A pilgrimage provides an escape from our everyday lives, offering plenty of opportunity for reflections and meditation. While hiking across northern Spain, we found the Beatitudes of the Pilgrim and El Camino.
The Beatitudes of the Pilgrim
1 – Blessed are you Pilgrim, if you discover that the “Camino” opens your eyes to what is not seen.
2 – Blessed are you Pilgrim, if what concerns you most is not to arrive, as to arrive with others.
3 – Blessed are you Pilgrim, when you contemplate the “Camino” and you discover it is full of names and dawns.
4 – Blessed are you Pilgrim, because you have discovered that the authentic “Camino” begins when it is completed.
5 – Blessed are you Pilgrim, if your knapsack is emptying of things and your heart does not know where to hang up so many feelings and emotions.
6 – Blessed are you Pilgrim, if you discover that one step back to help another is more valuable than a hundred steps forward without seeing what is at your side.
7 – Blessed are you Pilgrim, when you don’t have words to give thanks for everything that surprises you at every twist and turn of the way.
8 – Blessed are you Pilgrim, if you search for the truth and make the “Camino” a life and or your life a “way,” in search of the one who is the Way, the Truth and the Life.
9 – Blessed are you Pilgrim, if on the way you meet yourself and gift yourself with time without rushing, so as not to disregard the image in your heart.

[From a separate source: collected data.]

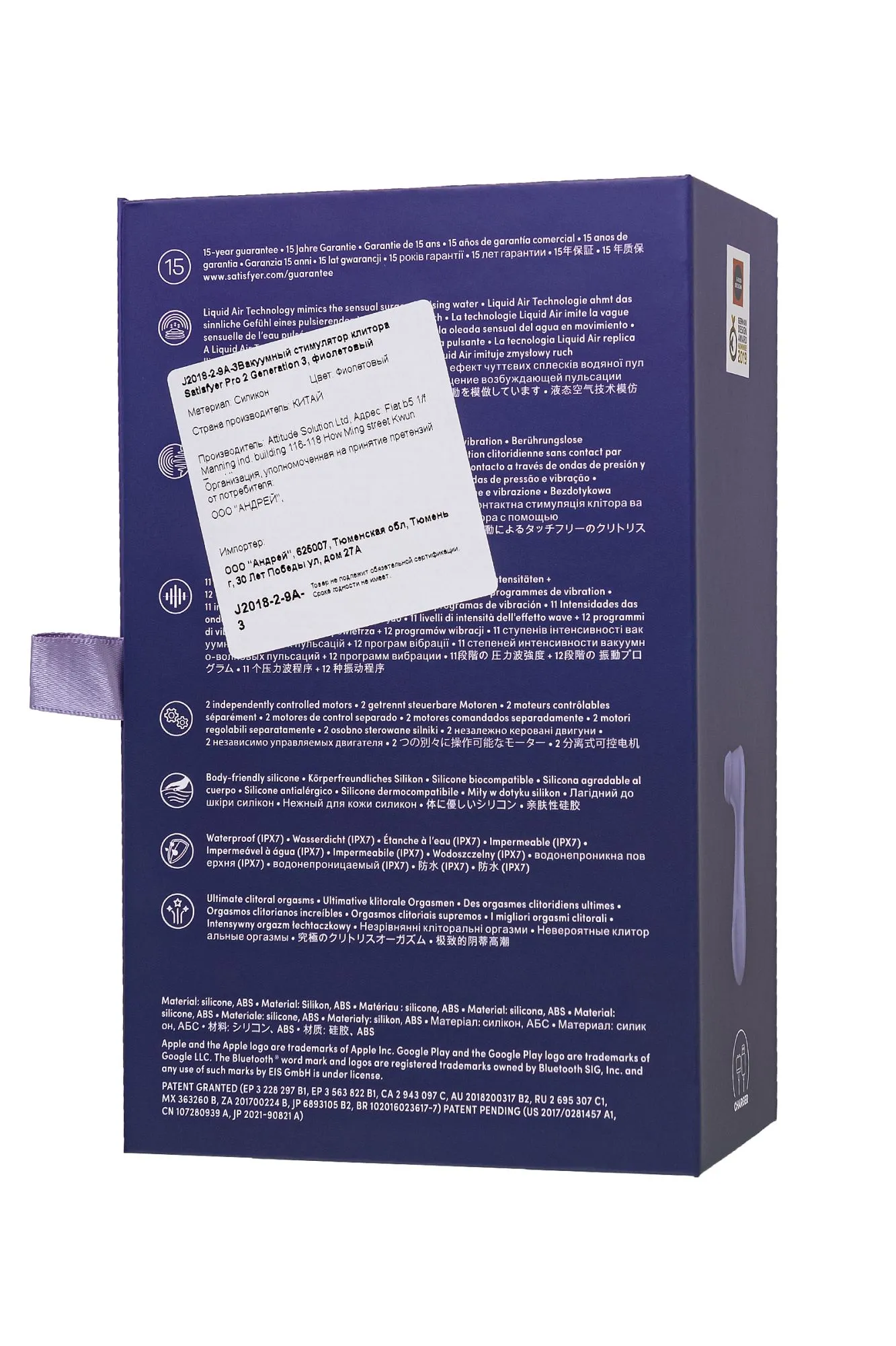Вакуумный стимулятор клитора Satisfyer Pro 2 Generation 3, фиолетовый, 16,4 см
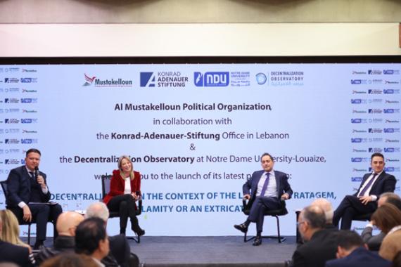 On Friday, January 20th, 2023, Konrad-Adenauer-Stiftung Lebanon, “Al Mustakelloun” Political Organization and the Decentralization Observatory at Notre Dame University-Louaize jointly organized the launching event of a new study on decentralization in the context of the Lebanese stratagem. The event
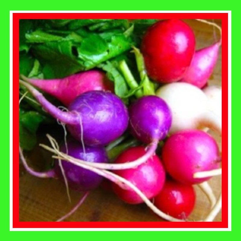 RADISH-EASTER EGG (treated) is fun for kids & adults alike to grow. The seeds produce a beautiful variety of colors, including red, white, pink, and purple all in the same pack! You won’t know which color the radish will be though until you uncover the soil for the first time to take a peek. Delicious both raw & roasted, these roots grow bigger than standard varieties and stay crisp & mild even when large.  Don’t discard the tops either as they are scrumptious when sautéed and incredibly nutrient dense!
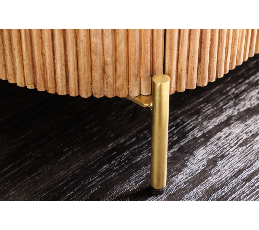Prednú časť zdobí vertikálny vrúbkovaný reliéf, ktorý vytvára rytmus a hĺbku. Dvojdverové otváranie umožňuje ľahký prístup do vnútra, kde sa nachádza jedna úložná polica, ideálna na fľaše, poháre či menšie predmety. Zlaté kovové úchytky ladia s vysokými úzkymi nožičkami v lesklej zlatej farbe, ktoré dodávajú celému kusu vizuálnu ľahkosť.
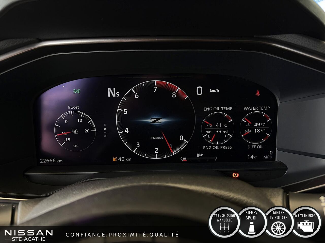 This 2024 Nissan Z is available at Nissan Ste-Agathe in Sainte-Agathe-des-Monts. Contact our sales team or come meet us at 301 Rue Léonard for more details, for a test drive, or to make a reservation.
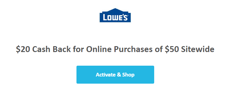 - Get $20 Cash Back for Online Purchases of $50 Sitewide at Lowe’s
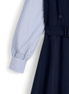 ストライプ柄シャツをドッキングした爽やかな雰囲気のワンピース。
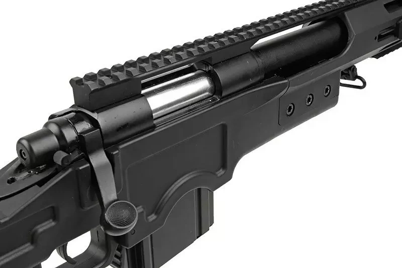 Replika karabinu snajperskiego MB4411A o napędzie sprężynowym produkcji firmy WELL. Konstrukcja wewnętrzna została oparta na poprzednich, dobrze znanych replikach serii MB. Karabin wyposażono w zamek czterotaktowy, należy go przeładować przed każdorazowym oddaniem strzału. Replika wykonana została z metalu oraz wzmocnionego włóknem szklanym tworzywa nylonowego. Metalowa jest tu masywna lufa zewnętrzna, podstawa grzbietowej szyny RIS, wszystkie szyny montażowe RIS, prowadnica kolby oraz oczywiście mechanizm wewnętrzny wraz z zespołem spustowym i rączką przeładowania. Z nylonu wykonano łoże, chwyt pistoletowy, a także kolbę.
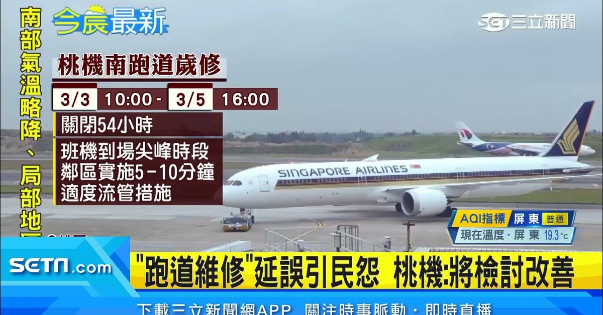 桃園機場南跑道3日起進行年度維修,導致大規模班機延誤,近20架飛機排隊降落,許多人苦等超過一小時,引起旅客不滿,而目前航空公司也表示,旅客可以上網查詢班機最新動態,避免白跑一趟。成為這個頻道的會員並獲得福利:https://www.youtube.com/channel桃園機場南跑道3日起進行年度維修,導致大規模班機延誤,近20架飛機排隊降落,許多人苦等超過一小時,引起旅客不滿,而目前航空公司也表示,旅客可以上網查詢班機最新動態,避免白跑一趟。成為這個頻道的會員並獲得福利:https://www.youtube.com/channel桃園機場南跑道3日起進行年度維修,導致大規模班機延誤,近20架飛機排隊降落,許多人苦等超過一小時,引起旅客不滿,而目前航空公司也表示,旅客可以上網查詢班機最新動態,避免白跑一趟。成為這個頻道的會員並獲得福利:https://www.youtube.com/channel
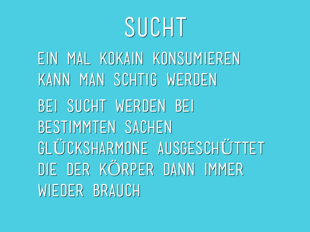 Bei sucht werden bei bestimmten sachen glÜcksharmone ausgeschÜttet die der kÖrper dann immer wieder brauch
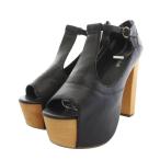 ジェフリーキャンベル フォクシー Tストラップ厚底サンダル オープントゥ チャンキーヒール レザー ウッド 37 黒 茶 FJF581 レディース
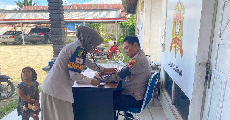 Proses ini mencakup pemeriksaan tekanan darah, lab sederhana, dan konsultasi kesehatan. Hasilnya tidak hanya disampaikan kepada anggota polisi yang bersangkutan, tetapi juga dilengkapi dengan saran-saran dan anjuran untuk menjaga kesehatan di tengah kesibukan menjaga keamanan dan ketertiban selama proses pemilu.

10 – Blessed are you Pilgrim, if you discover that the “Camino” holds a lot of silence, and the silence of prayer, and the prayer of meeting with the Father who is waiting for you.
EL CAMINO
The journey makes you a pilgrim. Because the way to Santiago is not only a track to be walked to get somewhere, nor is it a test to reach any reward. El Camino de Santiago is a parable and a reality at the same time, because it is done both within and outside of the specific time it takes to walk each stage, and along the entire life if only you allow the Camino to inhabit you, to transform you, and to make you into a pilgrim.
The Camino makes you simpler, because the lighter the backpack the less strain to your back, and the more you will experience how little you really need to be alive.
The Camino makes you brother/sister. Whatever you have, you must be ready to share because even if you started on your own, you will meet companions. The Camino breeds community: community that greets the other, that takes interest in how the walk is going for the other, that talks and shares with the other.
The Camino makes demands on you. You must get up even before the sun in spite of tiredness or blisters; you must walk in the darkness of night while the dawn is just growing; you must get just the rest that will keep you going.
The Camino calls you to contemplate, to be amazed, to welcome, to interiorize, to stop, to be quiet, to listen, to admire, to bless . . . nature, our companions on the journey, our own selves, God.